BIG-IP CGNAT can be deployed in high performance hardware, or in software as a VNF (BIG-IP Virtual Edition), as part of F5’s packaged NFV S/Gi-LAN, Gi Firewall, or CGNAT solution, or as a CNF. F5 can help your transition to cloud- and software-defined architectures with virtual application delivery platforms that provide an agile, flexible, and efficient way to deploy advanced application and security services. Deployment in software increases agility and achieves automation and orchestration in cloud architectures.

Using these solutions as part of the F5 NFV Packaged Solution for Gi Firewall, S/Gi LAN, or CGNAT simplifies purchasing, deployment, and management with the aid of the F5 VNF Manager. Packages are purchased on a 5, 10, or 50 Gbps basis, and you can leverage the “Use-Before-Buy” option as traffic volumes for the service increase. Click here to access the NFV Packaged Solutions overview and learn more about this option.
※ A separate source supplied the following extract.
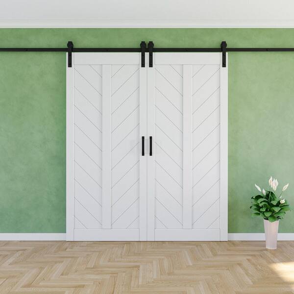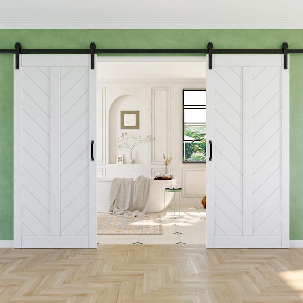 72 in. x 84 in. White Finished Solid Core MDF Herringbone Shape Sliding Barn Door Slab with Hardware Kit and Soft Close

SmartNIC offload for BIG-IP VE: Boost CGNAT Performance and Lower TCO

When performing CGNAT, there are two primary functions that require significant compute power: executing the actual translation from one IP address to another and logging that translation—as required by the U.S. Communications Assistance for Law Enforcement Act (CALEA).  SmartNICs are the latest addition to the Network Interface Card (NIC) family and can provide a solution for virtual (VNF) CGNAT deployments.

Boasting onboard programmable components such as FPGAs, NPUs, or SoCs, SmartNICs can perform user-specified networking functions on behalf of the applications or servers they’re connected to, alleviating strain on CPU resources and significantly improving performance. By offloading CGNAT functionality from an F5 BIG-IP VE to an Intel FPGA PAC N3000 SmartNIC, the total system throughput can be improved by around 30%. More importantly, the BIG-IP VE’s CPU utilization can also be reduced by approximately 80%—helping to prevent the VE from becoming overloaded! See the BIG-IP VE for SmartNICs overview for more information. 

Conclusion

CGNAT has proven to be an indispensable tool for supporting transitions to IPv6 and continues to prove its worth in today’s network by helping to scale and secure networks. For service providers who want to optimize their network scalability for IPv6, IoT and 5G, BIG-IP CGNAT provides a seamless and secure IP address strategy as part of a suite of consolidated network functions.